Reading that clause, it's clear the NFL is correct when it asserts that the NIH makes the funding decisions.

However, under the section regarding FNIH activities, the MOU reads:

Key parts: "FNIH is responsible for all interactions with the Donor(s) throughout the life of the Program…In addition, FNIH will use reasonable efforts to facilitate resolution of any Donor related issues that arise with respect to the applicable project."
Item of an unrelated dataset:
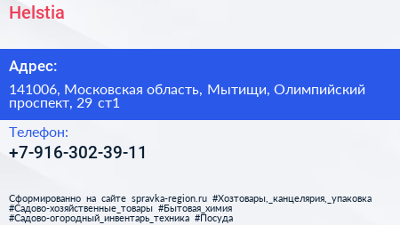 Helstia по адресу 141006, Московская область, Мытищи, Олимпийский проспект, 29 ст1 в дальнейшем Организация, размещена в следующих категориях:
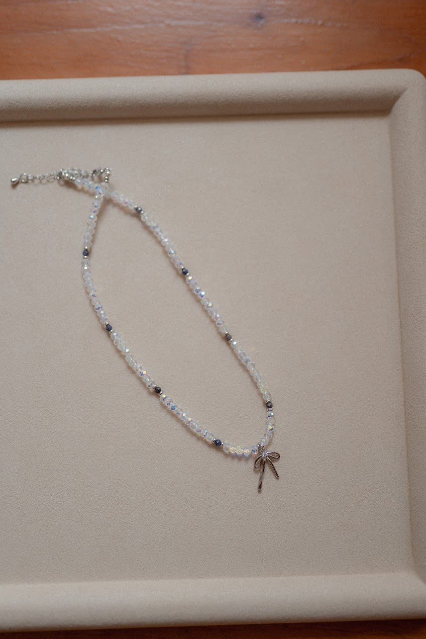 Materials: Crystal Stones with Silver Bow Charm and silver lobster clasp and extender chain.

This is incredibly vague—who knows what constitutes a "reasonable effort" or "resolution"—but does bring up an important possibility regarding OTL's report. This is pure speculation, but the MOU would allow for the NFL to express concern to the FNIH that their money would fund Dr. Robert Stern's research. At this point, it's entirely possible, from what we currently know, that the FNIH facilitated a "resolution" that involved the NIH funding Stern's research and the NFL funding other programs. After all, someone was always going to get funded by the NIH and others by the NFL. It's not entirely clear it matters to the NIH who funds what. (If my theory is correct, this would also raise the question of why the NFL would care so much which research program they actually funded if they were all going to get funded by someone regardless.)

The MOU does make one thing clear: all the relevant communications go between the FNIH and the NFL. Unfortunately, the FNIH is a non-profit organization, not a government entity, and therefore not subject to the Freedom of Information Act.